Transcribe word for word the section of the records below that opens with the line containing "Sanskriti Vintage Printed" and closes with the line containing "ก๊อกน้ำฝักบัวอ"; drop every picture.

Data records
§ §

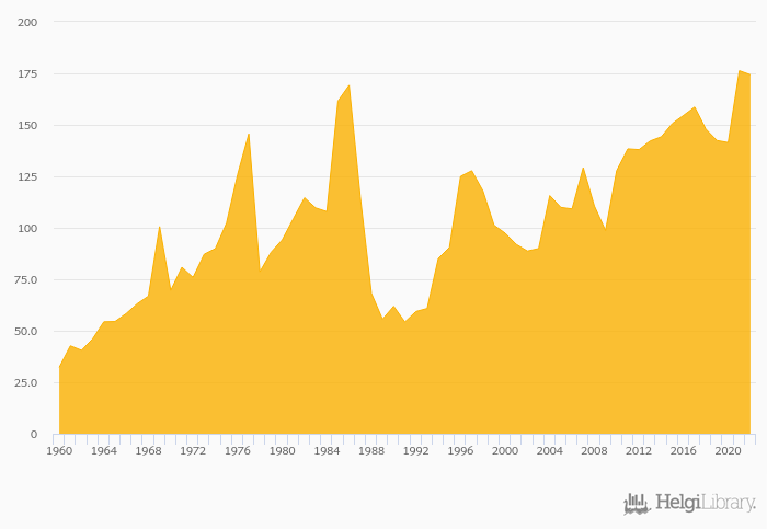 Historically, sales of passenger cars in Norway reached an all time high of 176 thousand in 2021 and an all time low of 32.3 thousand in 1960. When compared to Norway's main peers, sales of passenger cars in Denmark amounted to 148 thousand, 81.7 thousand in Finland, 16.7 thousand in Iceland and 288 thousand in Sweden in 2022.
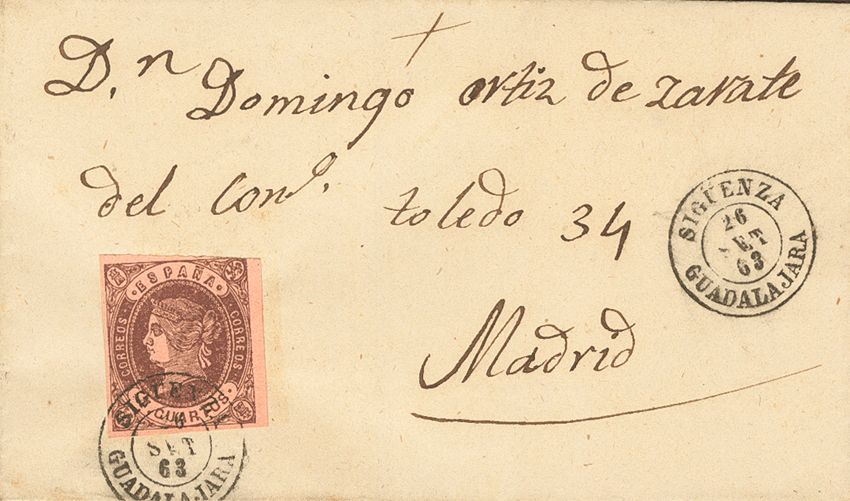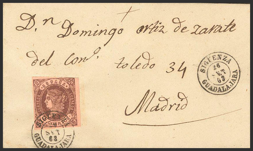 58. 1863. 4- cuartos chestnut. FOLLOW MADRID. Postmark SIGUENZA / GUADALAJARA. MAGNIFICENT.
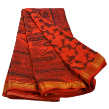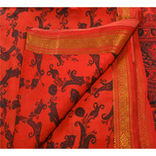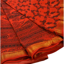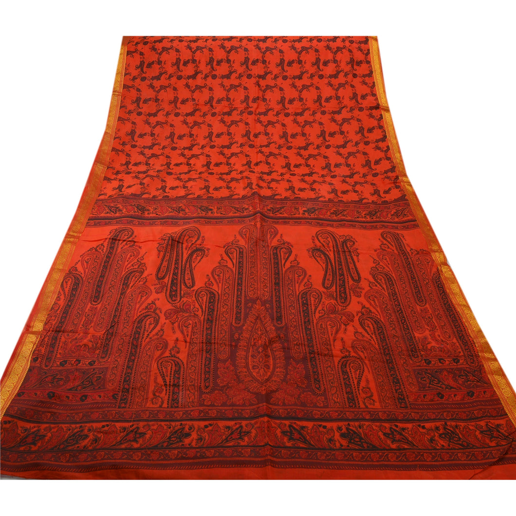 Sanskriti Vintage Printed Saree Art Silk Craft Orange Sustainable Fabric Zari Border Sari
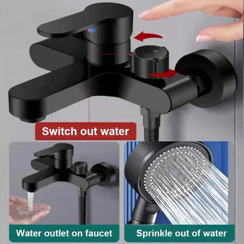 ก๊อกน้ำฝักบัวอ่างอาบน้ำสีดำติดกับผนังก๊อกผสมฝักบัวก๊อกน้ำร้อนเย็นก๊อกน้ำฝักบัวบาริเน็ต
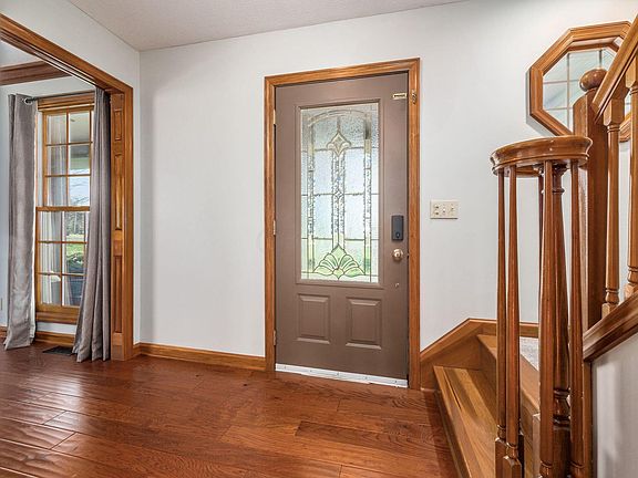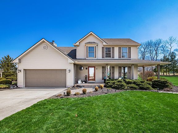 A stunning 4 bedroom, 2.5 bathroom property situated on 1.8 acres in Rushcreek Estates! You'll love coming home to the ample outdoor living spaces, including a massive rear covered patio and also a built in fire pit area, perfect for entertaining guests. Inside, the updated kitchen features granite countertops and stainless steel appliances. Hardwood floors throughout the first floor with new carpet throughout the rest of the home adds a luxurious touch. The master suite features vaulted ceilings, dual sinks, walk in closet, jetted tub and a shower! The finished basement area adds nearly 1,000 square feet of living space! You'll appreciate the She-Shed and the 3+ car detached garage for extra storage or parking and a full concrete driveway. Come see all this home has to offer today!
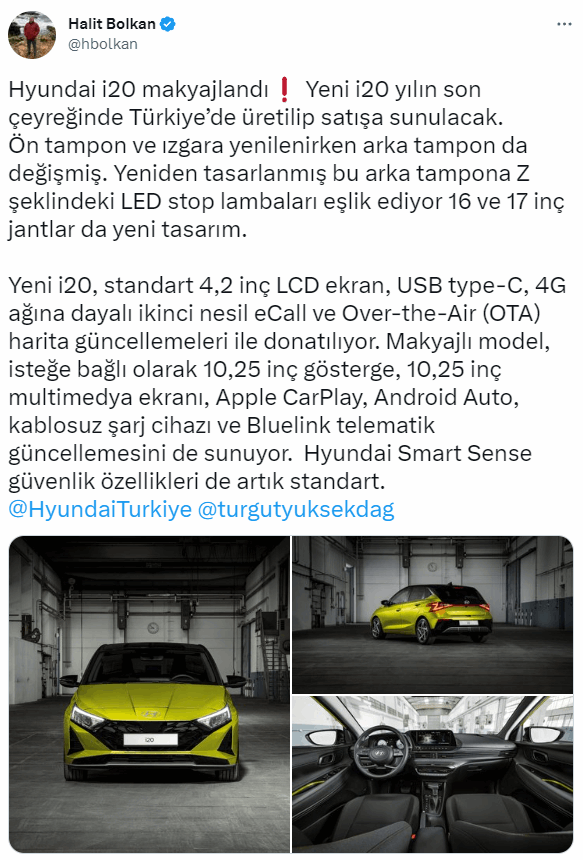 Gazeteci Halit Bolkan yaptığı açıklamada yeni makyajlı i20'nin 2023 yılı son çeyreğinde Türkiye'de üretileceğini ve satışının son çeyrekte başlayacağına yer verildi.
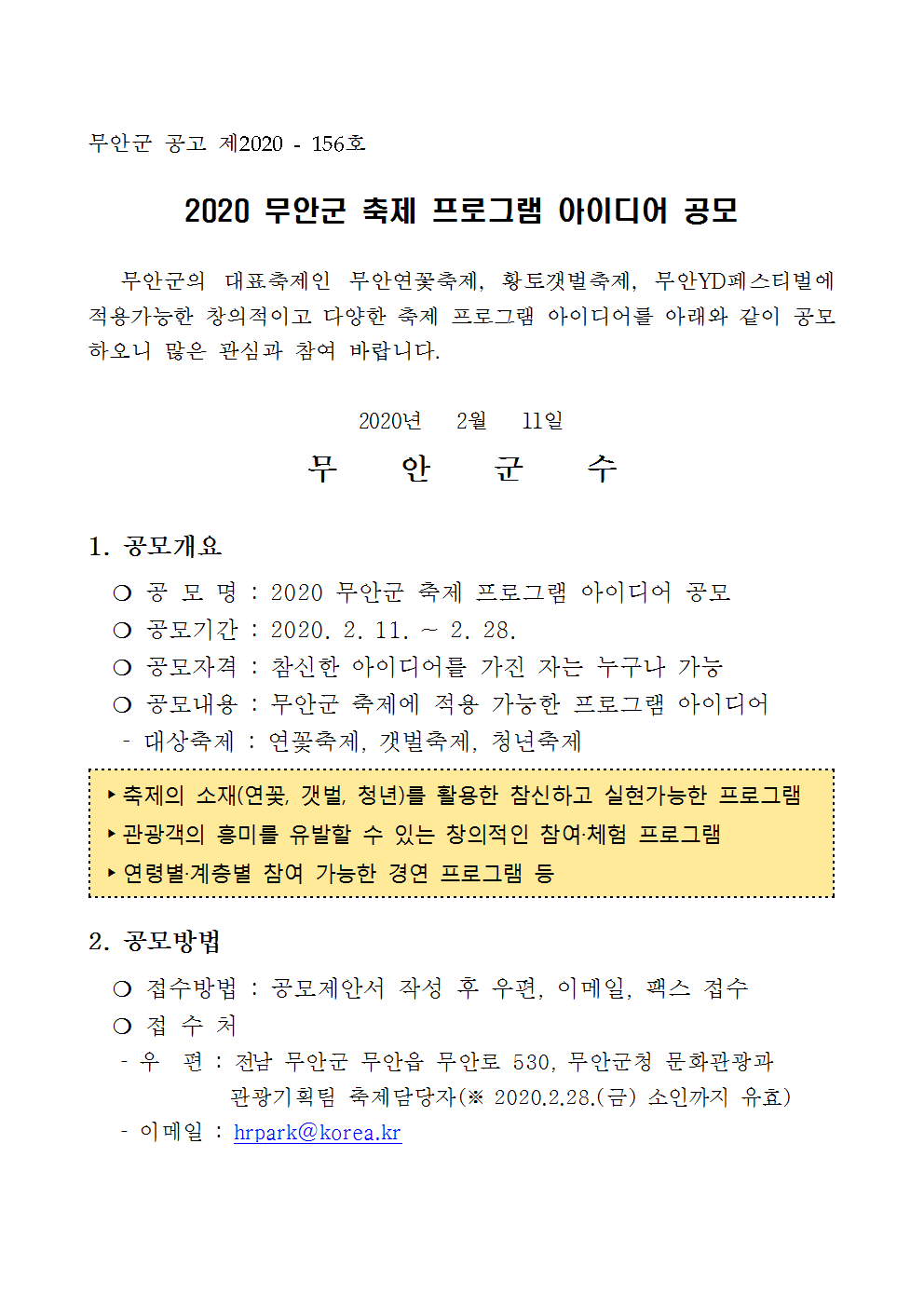 공고문(2020 무안군 축제 프로그램 아이디어 공모)001

§ §

§ **OUTPUT OF THE EXERCISE**
 Sanskriti Vintage Printed Saree Art Silk Craft Orange Sustainable Fabric Zari Border Sari
 ก๊อกน้ำฝักบัวอ่างอาบน้ำสีดำติดกับผนังก๊อกผสมฝักบัวก๊อกน้ำร้อนเย็นก๊อกน้ำฝักบัวบาริเน็ต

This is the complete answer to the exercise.